Oh, there is a paper trail, rumley -- an email trail. The argument is over the interpretation of that evidence.

Owen Gray said...

Most definitely, there's blood in the water, sal. And it attracts all kinds of scavengers.

The Mound of Sound said...


I've been trying to dig out the back story in the Lavalin affair. If SNC was barred from bidding on federal contracts what would that mean to the industry at large? It turns out that SNC is Quebec's largest construction contractor but there is a handful of what I deem "top tier" construction firms in this country. The others are primarily Alberta and Ontario-based. There is a gaggle of "second tier" firms and they're similarly distributed by province.

Quebec is the historic anchor of the Liberal Party. It is also Canada's top "have not" province when it comes to equalization. Channeling federal revenues into Quebec at the very least does not hurt Liberal fortunes. However, if those revenues flowed instead to an Alberta firm, it's hard to see that benefiting Liberal fortunes in Alberta.

Tenders will still be called.
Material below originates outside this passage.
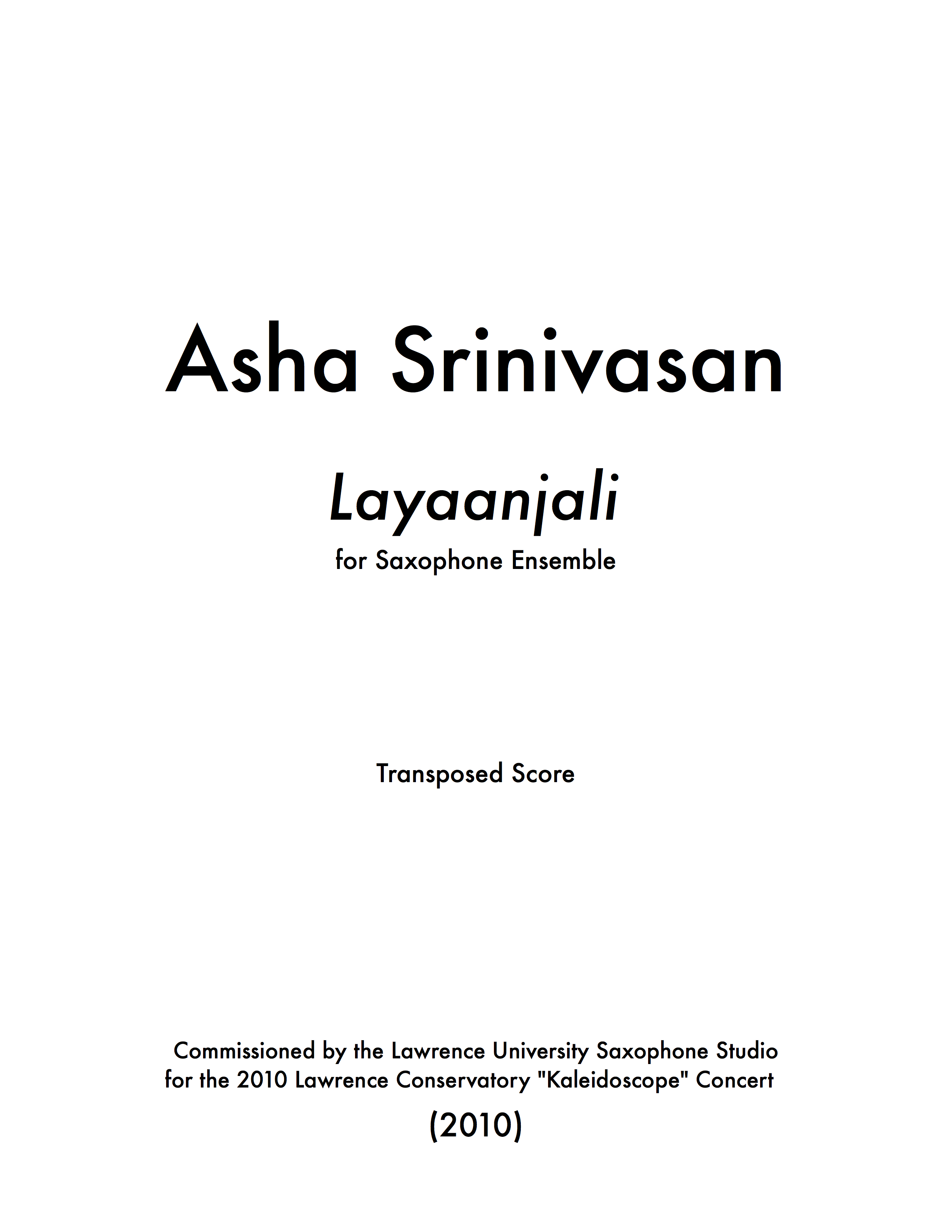 Layaanjali was commissioned and premiered by the Lawrence University Saxophone Studio for the 2010 Lawrence University "Kaleidoscope" Concert.

Bids will be submitted. Contracts will be let. At issue is whether Quebec has an institutional leg up. I mean how can you say 9,000 Quebec jobs are at risk without having an understanding that the contracts will go to SNC-L?

Owen Gray said...

Quebec has always been key to Liberal fortunes, Mound. Before the advent of Stephen Harper, it was also key to Progresssive Conservative fortunes. Nobody underdstood that better than Brian Mulroney and Lucien Bouchard. The Liberals want to avoid what happened to Mulroney. That is at the heart of what is going on now.